It was finally decided that Minister Rehman would brief the house in-camera about the terror alerts issued in the days before the attacks.

Mr Rehman was of the view that the information should not be made public.

Meanwhile, the house approved a report of the Senate Committee on Finance and Economic Affairs about privatisation of the Heavy Electrical Complex (HEC).

The report has disclosed that the successful bidder’s shares are worth only about $1,000. “This is the actual standing of the company in public markets which has been considered for a multi-billion-rupee transaction of HEC,” the report reads.

It said the top management had shown high level of incompetence and “wilful” errors of judegment in conducting the transaction.
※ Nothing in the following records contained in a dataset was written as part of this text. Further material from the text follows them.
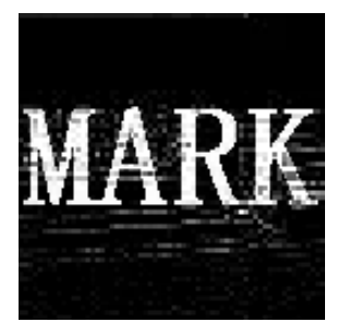
Fig. 14 Frames
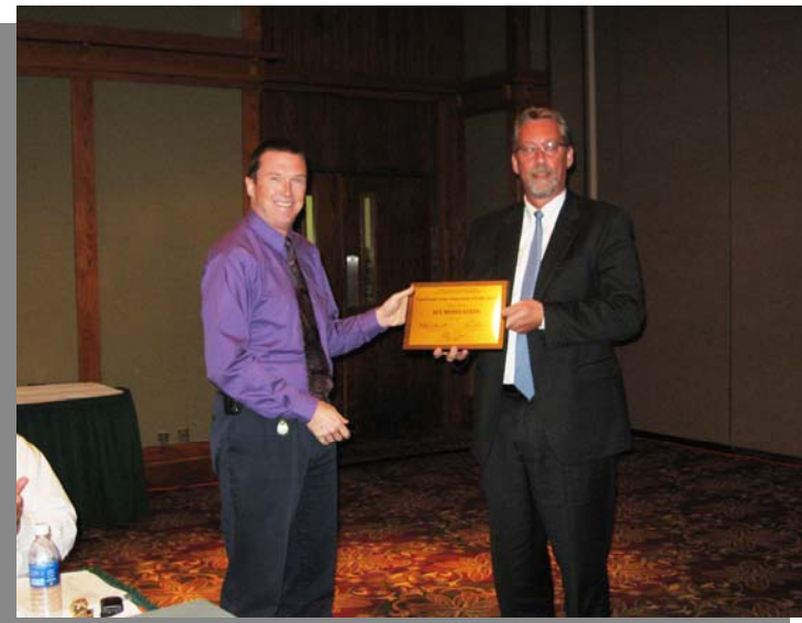
Transylvania County Department of Public Health
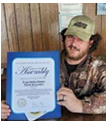
BEST SMOG SERVICES TAILPIPES SMOG TEST STATION
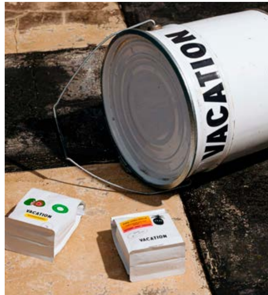
Vacation Situated in the backstreets of Cremorne, Vacation's main attraction is coffee. Across a selection of freshly roasted single-origin and blended varieties, this chic cafe's caffeinated beverages easily compete with Melbourne's best. To eat, a range of sweet pastries, hot toasties and fancy toast round out a flavourful brunch experience.

You don't have to get swept up in Richmond's hum when the weekend arrives. The local area offers a variety of easygoing encounters that ensure your time away from home leaves you feeling relaxed and ready for the days ahead. Plan a nonchalant weekend around these mellow venues.
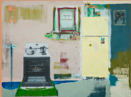
"Apt 9D (La Cocinita)" (2019) - Mixed media on canvas , 70 x 96 in

'La Cocinita' is part of the series Apt 9D which recreates a Nuyorican apartment through life-size painting collage. Objects commonly found in a Latinx home such as calderos, grecas, and a magnet of Jesus on the fridge reminds the diaspora of home. The absence of the figure makes us think about the displacement of longtime Black residents in El Barrio. This painting reveals our shared history.
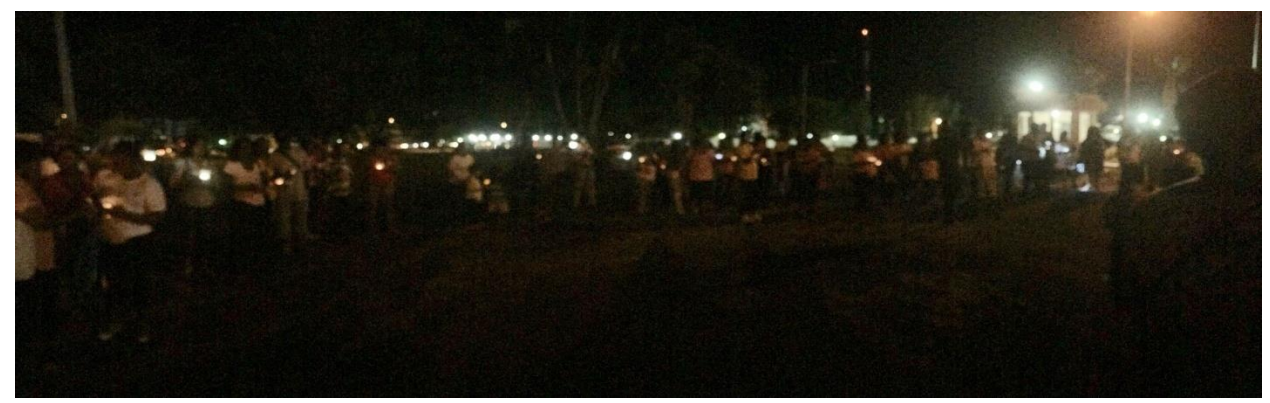
Section of the supporters at the Candle light Vigil

Saturday, October 28 - Giving Hope Foundation with the assistance of H.E.R.O.C.
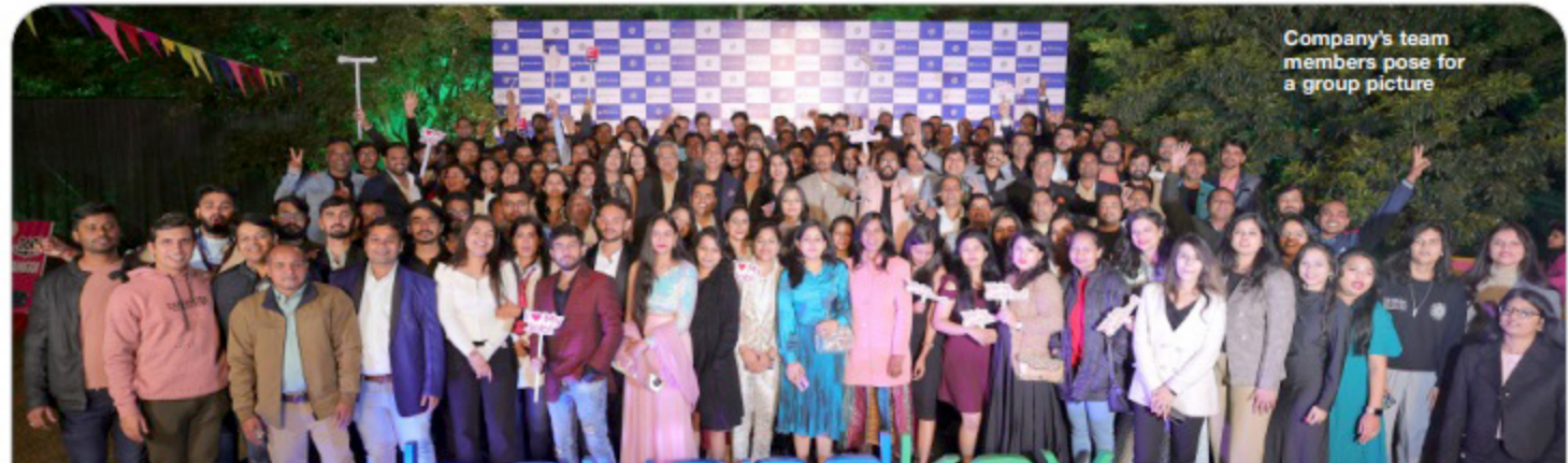
Company's team members pose for a group picture
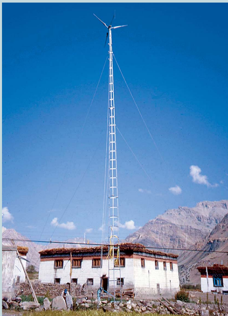
FIGURE 1 The pawan-chakki or windmill built by the Lossarpas.

Energy is neither explicitly recognized as a basic human need nor as a cause of poverty. Yet it is clear that efficient and uninterrupted supply of energy facilitates the forces of development, enables a better quality of life, and builds human capacity. Although efforts have been made to promote renewable energy (RE)
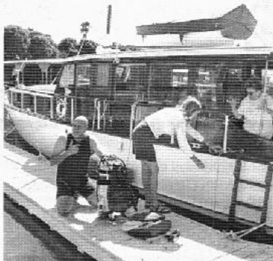
The great recovery - ask Dick Engfer about it!

On a lighter note: Theme for Opening Day on SF Bay 2005 is "Movies by the Bay".
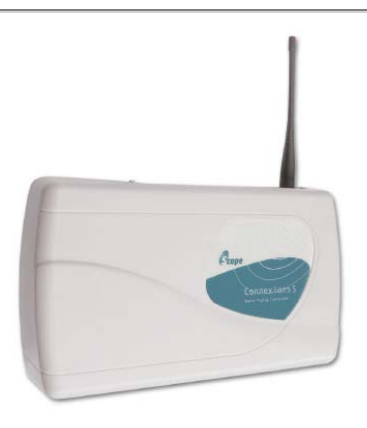
NC365B Paging Transmitter
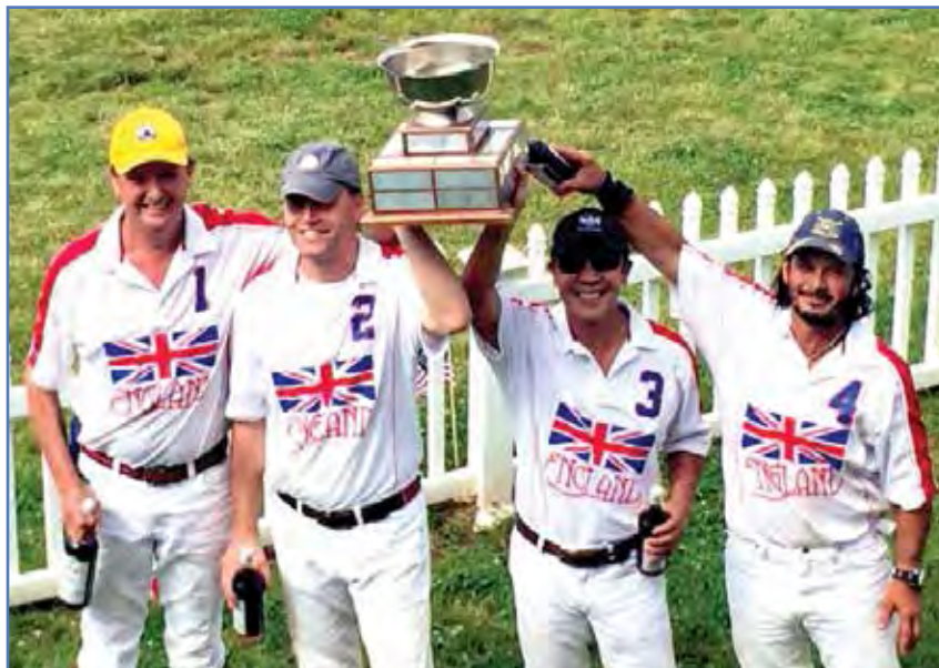
England won its challenge over the USA at Capitol Polo Club's recent tournament.
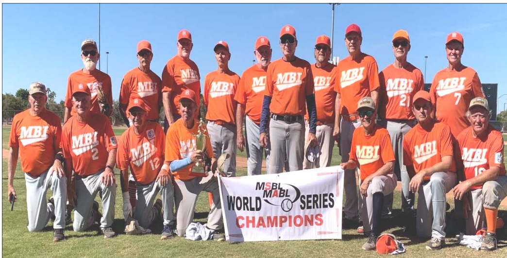
73+ National Champions - MBI

The house also adopted the report of the Functional Committee on Devolution about the placement of five regulatory authorities under the line ministries.

In its report, the committee headed by Senator Mir Kabeer Ahmad has recommended that the regulatory authorities should be made independent. It noted that placing them under the line ministries without seeking approval of the Council of Common Interests was a violation of the Constitution and against the very concept of regulatory authorities.

Senator Taj Haider of the Pakistan Peoples Party expressed serious concern over the government’s plan to privatise airports in the name of outsourcing their management and operations.

Mr Rabbani referred the matter to the Senate Standing Committee on Cabinet Division, asking it to submit a report within a month.